- Born: 1973 Santa Ana, California
- Occupation(s): Sculptor and photographer
- Children: Two

= Carlee Fernández =

Latina-American artist

Carlee Fernández (born 1973) is a sculptor and photographer known for her investigations of identity and power through self-portraits and altered taxidermies.

==Biography==

Fernández was born in Santa Ana, California in 1973. Being half-Mexican and half-European, she has described having unstable cultural experiences. She was also raised in Europe. Now, Fernández has a husband and two children whom are referenced in several of her works.

==Art==

===Bear Studies (2004) ===

====Bear Study (2004) ====

Fernández believes all animals, including humans, hold great power and elegance. In this respect, her taxidermy efforts are meant as homages to the animals. In many of her works, she honors the bear as an emblem of self-empowerment and unbridled masculinity. For Bear Study (2004), she fully suits up inside of a taxidermied bear.

====Bear Hair Study (2004) ====

In this piece, Fernández takes a self-portrait wearing a “mustache” achieved by placing tufts of bear fur into her nostrils. Bear Hair Study (2004) was collected by the National Portrait Gallery and featured in their traveling exhibition, Portraiture Now: Staging the Self.

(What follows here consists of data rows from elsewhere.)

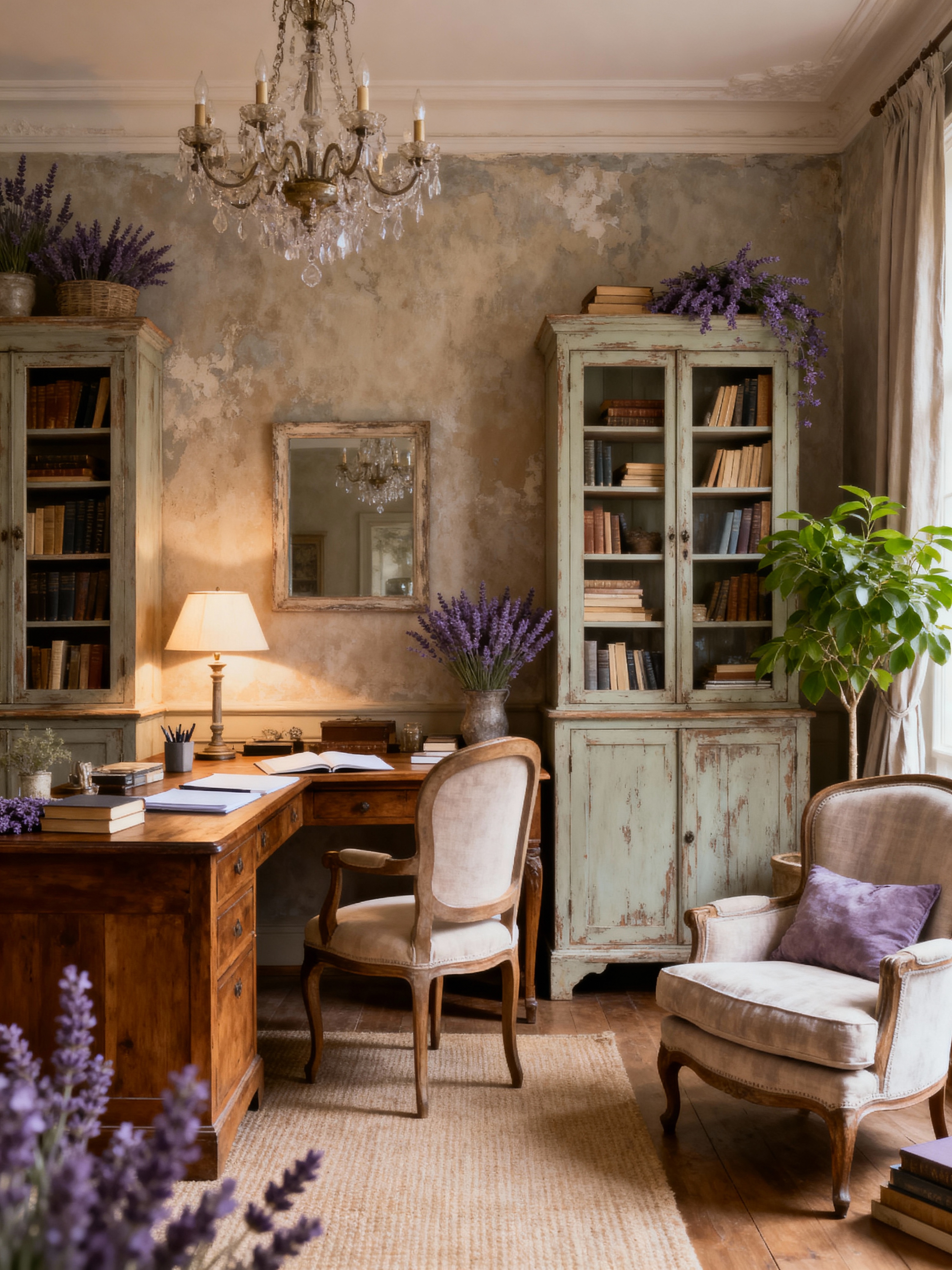 study room with french country style with bookshelves and cabinets and writing desk and desk lamp and office chair and lounge chair and plant and bookshelves. . with textured walls and elegant rustic and soft fabrics and vintage furniture and chandeliers and lavender accents and warm tones and distressed wood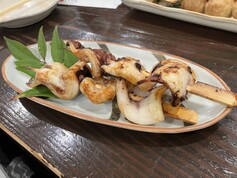 筍、紅ショウガ、メヒカリの天ぷらに、イカ焼き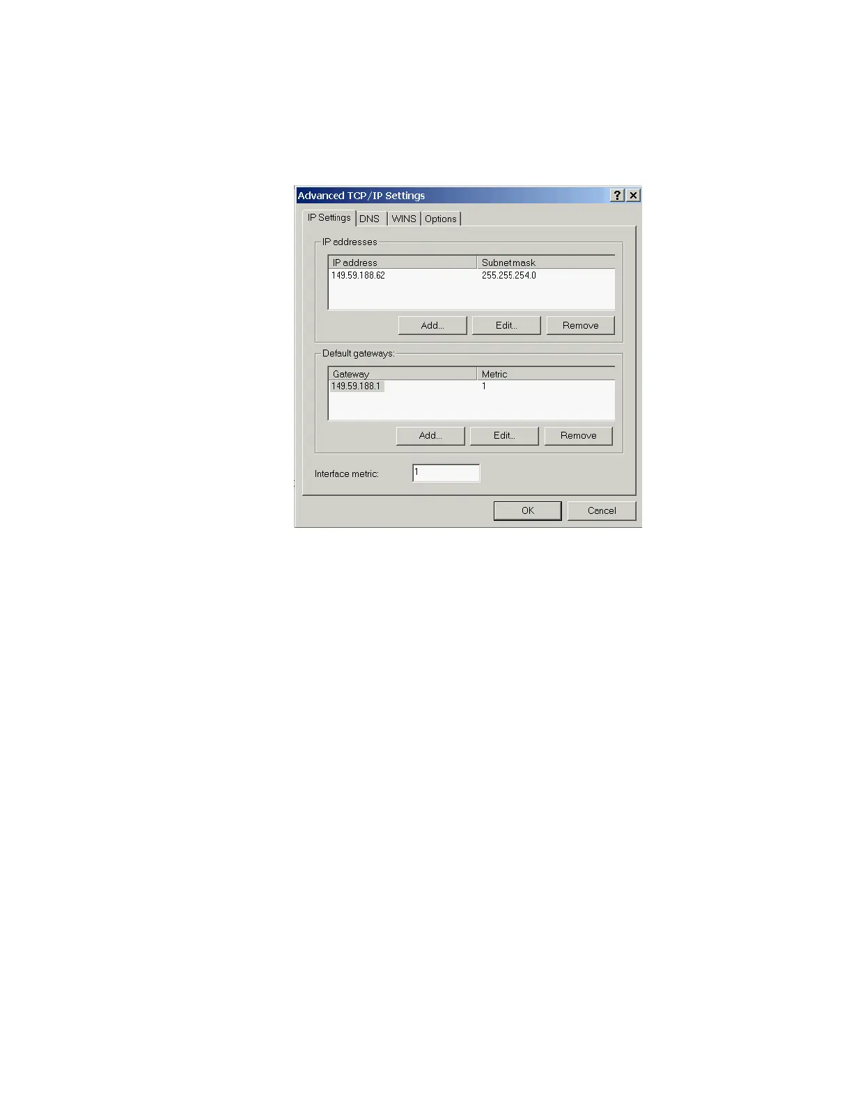 Figure 4-11 Windows 2000 Hospital LAN TCP/IP Advanced Settings

===Domestic Odyssey (2004) ===

Her series entitled Friends is a body of taxidermy works from which the San Jose Museum of Art selected for their exhibit. She was featured in Domestic Odyssey (2004) under one of its six subdivisions, Desperately Seeking Something . The show took place from March 6 to July 3. Fernández shapes animals into everyday objects such as furniture and utility objects. Her sculpture Lola Isern (2001) melds a goat with a shopping basket. According to the exhibition catalogue, this practice visualizes the totality of consumerism over nature. Lola Isern is also used for the front cover of the catalogue.

===Man (2006) ===

====Self Portrait: Portrait of my Father as Manuel Fernández (2006)====

Fernández's art explores masculinity through works wherein she casts herself as male subjects. In her series Man (2006), she embodies masculine figures in various modes. Self Portrait: Portrait of my Father, Manuel Fernández is currently in the possession of the Los Angeles County Museum of Art (LACMA) which has included her works in several exhibitions. This piece was featured in Phantom Sightings: Art After the Chicano Movement. Pictured are two gelatin silver prints of a photo of her father and a self-portrait as her father. Fernández describes her strive for a replica, having to paint the stripes onto her shirt. She leaves out his mustache to show the critical role of facial hair in machismo symbology. She sought out her father in a time of irresolution, wanting to manifest his fortitude.

====Self Portrait as Franz West (2006) ====

In Self Portrait as Franz West (2006), Fernández takes on the face of the sculptor whom, like her father, she considers a compelling entity. This work was also featured in LACMA’s Phantom Sightings exhibit.